- Task directions -
Print every line below exactly. Skip the pictures.

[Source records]
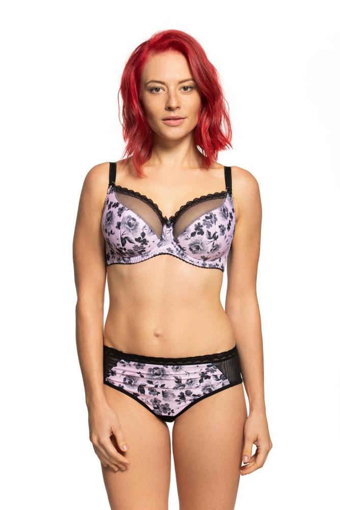 Półusztywniany biustonosz Daniela o konstrukcji SS10. Miseczka dolna, środek oraz boczki z pięknej dzianiny drukowanej o wzorze kwiatów dzikiej róży. Miseczka górna to stabilny tiul w kolorze czarnym podszyty tiulem w kolorze jasnego różu. Górna miseczka obszyta jest ozdobną taśmą. Plecy odcinane z elastycznego czarnego tiulu podszytego tiulem różowym, fiszbiny boczne. Konstrukcja z podwyższonym środkiem który idealnie przylega do mostka oraz z pogłębionymi miseczkami. Dwie czarne kokardki na styku ramiączek i misek i jedna ozdobna kokardka z kamieniem na środku biustonosza. Skład: 52% Poliamid, 25% Poliester, 16% Bawełna, 4% Poliuretan, 3% Elastan.
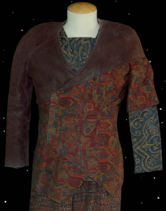 Description: A costume featured in the Star Trek: Deep Space Nine episode “Tacking into the Wind”; wherein “Chancellor Gowron” (Robert O'Reilly) begins reckless attacks against the Dominion and “Colonel Kira” (Nana Visitor) and “Damar” (Casey Biggs) attempt to steal one of the Breen energy dampening weapons. This costume is for wear by Trek and cult favorite Jeffrey Combs in the role of the Vorta diplomat and ambassador to Cardassia “Weyoun”, it consists of two long-sleeved, teal and gold-colored shirts featuring a design that summons imagery of a Victorian frieze or ancient cartographer’s symbol and pleating just under the collar. A jacket with one long sleeve and one short featuring an abstract, multi-colored pattern in an asymmetrical design with buttons and clasps down the front; purple faux-suede accents across the shoulders and down the long sleeve, and two multicolored, overall-style trousers with stirrups for the feet. Jeffrey Combs has the distinction of being one of only a scant few actors to appear in more than seven roles in the various Star Trek series. Sewn in tags read ‘Deep Space Nine, Jeffrey Combs’ and ‘Dennis Christopher’ as the Vorta “Borath” in the episode “The Search: Part II”; the costumer’s tag reads ‘Deep Space Nine, Weyoun, Jeffrey Combs’.
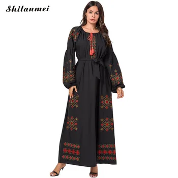 Women Embroider Long Sleeve Maxi Vestidos With Belt Plus Size Long Cotton Robe Elegant Lantern Sleeve Retro Party Dresses 4xl
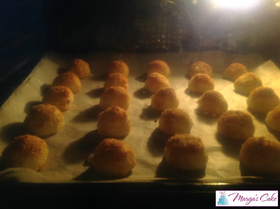 Precalentamos el horno a 200 ºC 10 minutos. Cuando tengamos toda la bandeja llena la metemos al horno unos 5 a 10 minutos o cuando cojan un precioso color dorado tal como se ve en la imagen.
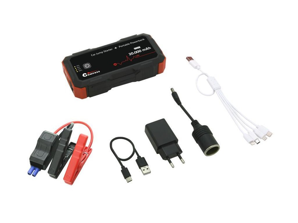 Balení dále zahrnuje kabel s adaptéry USB-C / micro USB / mini USB / iPhone. Powerbanka tak díky dvěma USB výstupům poslouží pro nabíjení vašeho smartphone, tabletu, či jakéhokoliv kompatibilního elektronického zařízení. Startovací zdroj je opatřen lithiovou baterií kterou je možné dobíjet pomocí USB kabelu (5V / 2A), součástí balení je navíc adaptér pro připojení k 230V.
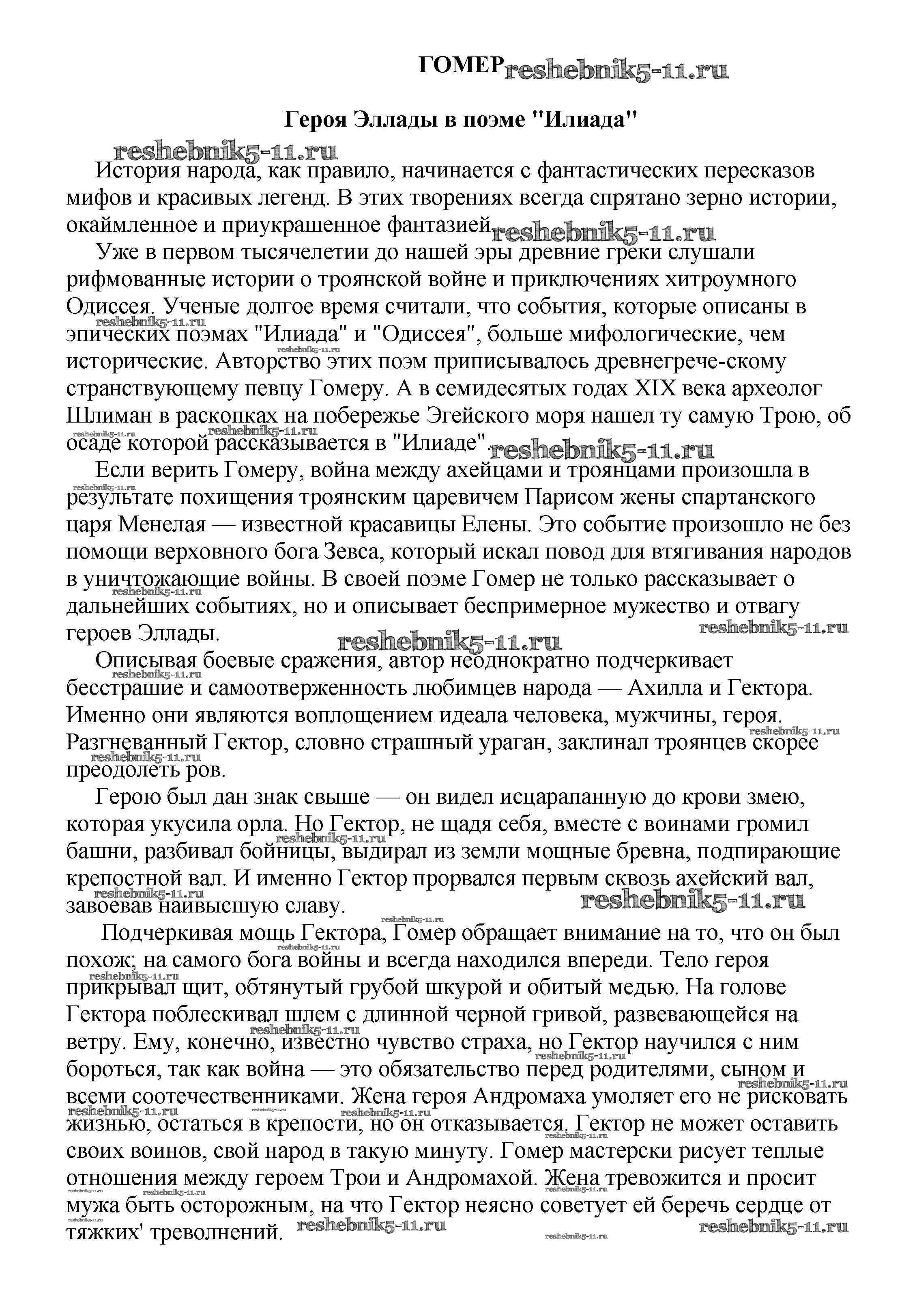 Готовая домашняя работа с ответами по Литературе за 5, 6, 7, 8, 9, 10 класс Белик, Музычук Сочинения Баро-Пресс 2017 - Сочинения по зарубежной литературе Героя Эллады в поэме "Илиада"

- Answer space -
 Półusztywniany biustonosz Daniela o konstrukcji SS10. Miseczka dolna, środek oraz boczki z pięknej dzianiny drukowanej o wzorze kwiatów dzikiej róży. Miseczka górna to stabilny tiul w kolorze czarnym podszyty tiulem w kolorze jasnego różu. Górna miseczka obszyta jest ozdobną taśmą. Plecy odcinane z elastycznego czarnego tiulu podszytego tiulem różowym, fiszbiny boczne. Konstrukcja z podwyższonym środkiem który idealnie przylega do mostka oraz z pogłębionymi miseczkami. Dwie czarne kokardki na styku ramiączek i misek i jedna ozdobna kokardka z kamieniem na środku biustonosza. Skład: 52% Poliamid, 25% Poliester, 16% Bawełna, 4% Poliuretan, 3% Elastan.
 Description: A costume featured in the Star Trek: Deep Space Nine episode “Tacking into the Wind”; wherein “Chancellor Gowron” (Robert O'Reilly) begins reckless attacks against the Dominion and “Colonel Kira” (Nana Visitor) and “Damar” (Casey Biggs) attempt to steal one of the Breen energy dampening weapons. This costume is for wear by Trek and cult favorite Jeffrey Combs in the role of the Vorta diplomat and ambassador to Cardassia “Weyoun”, it consists of two long-sleeved, teal and gold-colored shirts featuring a design that summons imagery of a Victorian frieze or ancient cartographer’s symbol and pleating just under the collar. A jacket with one long sleeve and one short featuring an abstract, multi-colored pattern in an asymmetrical design with buttons and clasps down the front; purple faux-suede accents across the shoulders and down the long sleeve, and two multicolored, overall-style trousers with stirrups for the feet. Jeffrey Combs has the distinction of being one of only a scant few actors to appear in more than seven roles in the various Star Trek series. Sewn in tags read ‘Deep Space Nine, Jeffrey Combs’ and ‘Dennis Christopher’ as the Vorta “Borath” in the episode “The Search: Part II”; the costumer’s tag reads ‘Deep Space Nine, Weyoun, Jeffrey Combs’.
 Women Embroider Long Sleeve Maxi Vestidos With Belt Plus Size Long Cotton Robe Elegant Lantern Sleeve Retro Party Dresses 4xl
 Precalentamos el horno a 200 ºC 10 minutos. Cuando tengamos toda la bandeja llena la metemos al horno unos 5 a 10 minutos o cuando cojan un precioso color dorado tal como se ve en la imagen.
 Balení dále zahrnuje kabel s adaptéry USB-C / micro USB / mini USB / iPhone. Powerbanka tak díky dvěma USB výstupům poslouží pro nabíjení vašeho smartphone, tabletu, či jakéhokoliv kompatibilního elektronického zařízení. Startovací zdroj je opatřen lithiovou baterií kterou je možné dobíjet pomocí USB kabelu (5V / 2A), součástí balení je navíc adaptér pro připojení k 230V.
 Готовая домашняя работа с ответами по Литературе за 5, 6, 7, 8, 9, 10 класс Белик, Музычук Сочинения Баро-Пресс 2017 - Сочинения по зарубежной литературе Героя Эллады в поэме "Илиада"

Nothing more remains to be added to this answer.